Hi @AlasdairGray @ljgarcia I've got the following prepared for the target page on GtoPdb. I've included the proteins and genes all under "hasBioChemEntityPart" . Ideally, I'd use the isEncodedByBioChemEntity as a subclause for each protein. But there are cases where more than one gene and protein per species are included on our target pages. Happy to discuss. But useful to know how this looks.
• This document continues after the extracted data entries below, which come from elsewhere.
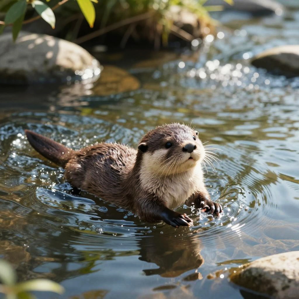 Highly detailed illustration of a playful baby otter swimming in gentle waves, in a calm riverbank shaded by leafy trees, with bright sunlight sparkling on rippling water, soft textures, serene mood, intricate fur patterns, HD quality, gentle shadows, creating an inviting atmosphere for relaxation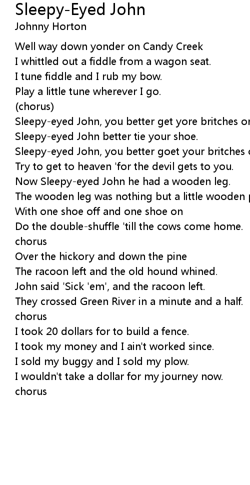 Now Sleepy-eyed John he had a wooden leg. |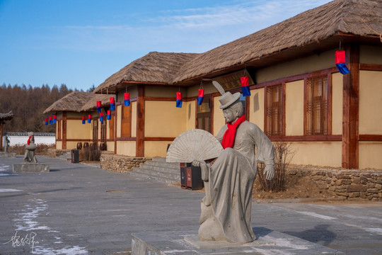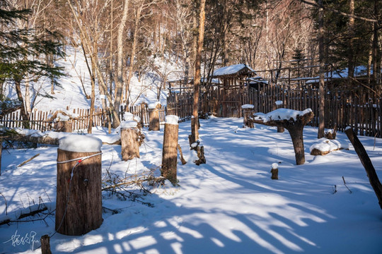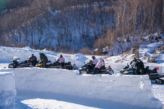 在山顶一阵游玩之后,我们继续乘坐雪地摩托来到了凤凰山影视城,后来下山时还体验了一番马拉爬犁,有点好玩。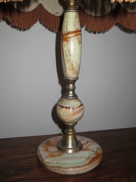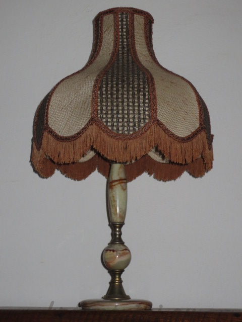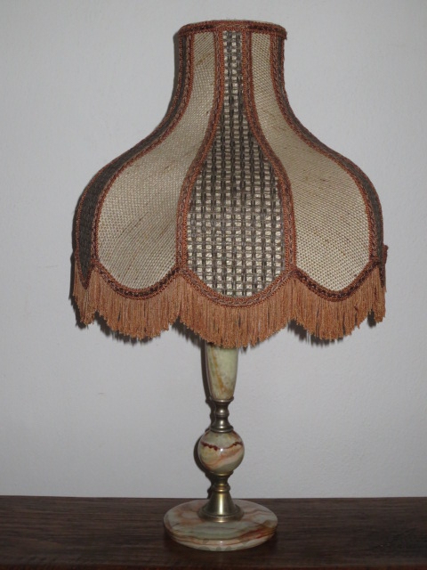 Velmi pěkná zajímavá velká stolní lampa s kamennou konstrukcí.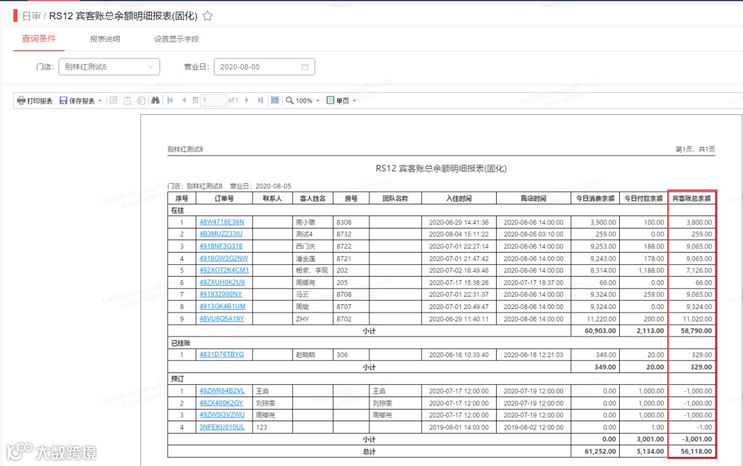 此报表是按照营业日进行统计的,跨月的订单数据统计也会跨月。比如,消费在7月,付款在8月,就会使报表当月的消费与付款之间产生差额,对应的订单明细建议可以查看“RS11宾客账明细报表/RS12宾客账总余额明细报表(固化)”。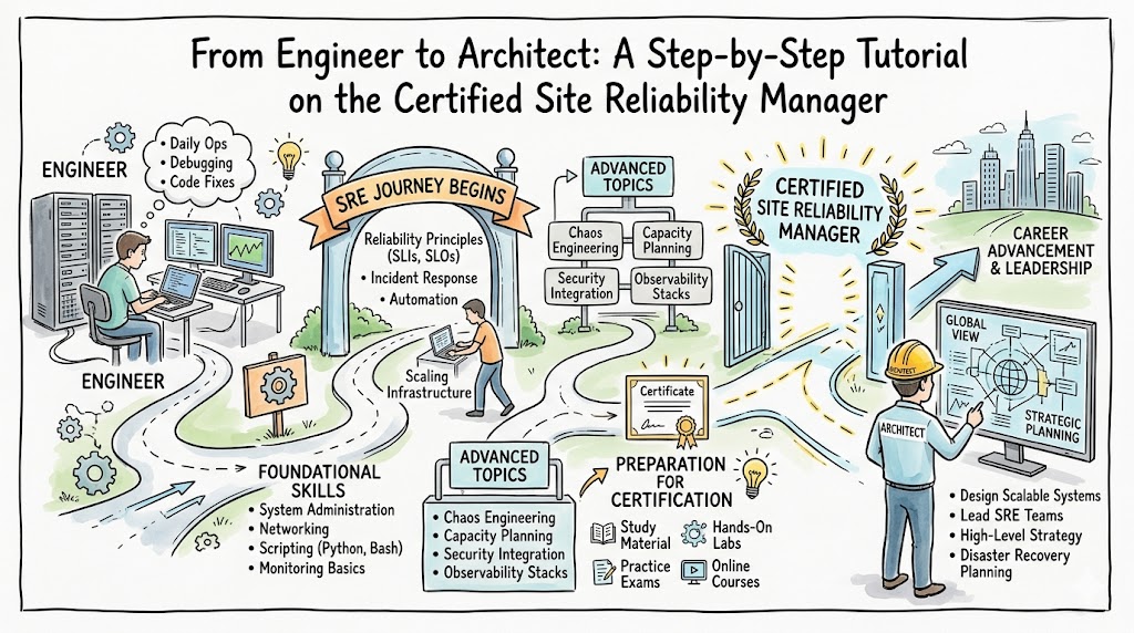 Navigating the transition from a hands-on engineer to a leadership role requires a specific blend of technical foresight and operational discipline. This guide focuses on the Certified Site Reliability Manager program, a specialized track designed for those who want to bridge the gap between high-level business objectives and day-to-day infrastructure stability. For any Site Reliability Engineer looking to scale their impact, understanding how to manage reliability at a team or organizational level is the next logical step in career progression. This roadmap is built to help professionals evaluate the program’s depth and determine how it fits into the broader ecosystem of platform engineering and cloud operations.

<!-- BioSchemas Mark-Up For Targets -->
        <script type="application/ld+json">  
            {
                "@context": "http://schema.org", 
                "@id": "https://www.guidetopharmacology.org/GRAC/ObjectDisplayForward?objectId=19#",
                "@type": "DataRecord",
                "includedInDataset": {
                    "@type": "Dataset",
                    "@id": "https://www.guidetopharmacology.org/index.jsp#dataset"
                },
                "citation": {
                    "@id": "",
                    "@type": "ScholarlyPublication"
                },
                "mainEntity": {
                "@id": "https://www.guidetopharmacology.org/GRAC/ObjectDisplayForward?objectId=19",
                "@type": "Protein",
                "http://purl.org/dc/terms/conformsTo": "https://bioschemas.org/specifications/Protein/0.9-DRAFT",
                "identifier": "19",
                "name": "A<sub>2A</sub> receptor",
                "description": "A<sub>2A</sub> receptor",
                "alternateName": ["RDC8","A2-AR","adenosine receptor A2a"],
                "url": "https://www.guidetopharmacology.org/GRAC/ObjectDisplayForward?objectId=19",

                "hasBioChemEntityPart": [
                {
                        "@type": "Protein",
                        "sameAs": "https://www.uniprot.org/uniprot/P29274",
                        "taxonomicRange": {
                            "@id": "https://identifiers.org/taxonomy:9606",
                            "@type": "Taxon",
                            "name": "Human"
                        }
                        },
                {
                        "@type": "Protein",
                        "sameAs": "https://www.uniprot.org/uniprot/Q60613",
                        "taxonomicRange": {
                            "@id": "https://identifiers.org/taxonomy:10090",
                            "@type": "Taxon",
                            "name": "Mouse"
                        }
                        },
                {
                        "@type": "Protein",
                        "sameAs": "https://www.uniprot.org/uniprot/P30543",
                        "taxonomicRange": {
                            "@id": "https://identifiers.org/taxonomy:10116",
                            "@type": "Taxon",
                            "name": "Rat"
                        }
                        },
                {
                            "@type": "Gene",
                            "sameAs": "https://rgd.mcw.edu/rgdweb/report/gene/main.html?id=2049",
                            "name": "Adora2a",
                            "identifier": "2049",
                            "hasRepresentation": "20p12"
                        },
                        "taxonomicRange": {
                            "@id": "https://identifiers.org/taxonomy:10116",
                            "@type": "Taxon",
                            "name": "Rat"
                        },
                {
                            "@type": "Gene",
                            "sameAs": "https://www.genenames.org/data/gene-symbol-report/#!/hgnc_id/HGNC:263",
                            "name": "ADORA2A",
                            "identifier": "263",
                            "hasRepresentation": "22q11.23"
                        },
                        "taxonomicRange": {
                            "@id": "https://identifiers.org/taxonomy:9606",
                            "@type": "Taxon",
                            "name": "Human"
                        },
      {
                            "@type": "Gene",
                            "sameAs": "http://www.informatics.jax.org/marker/MGI:99402",
                            "name": "Adora2a",
                            "identifier": "MGI:99402",
                            "hasRepresentation": "10"
                        },
                        "taxonomicRange": {
                            "@id": "https://identifiers.org/taxonomy:10090",
                            "@type": "Taxon",
                            "name": "Mouse"
                        }
                ]        
                }
            }
        </script>
<!-- END OF BioSchemas Mark-Up -->

simondharding avatar Dec 20 '19 10:12 simondharding

Hi @simondharding

It looks good although having both proteins and genes as targets for hasBioChemEntityPart seems odd (to me).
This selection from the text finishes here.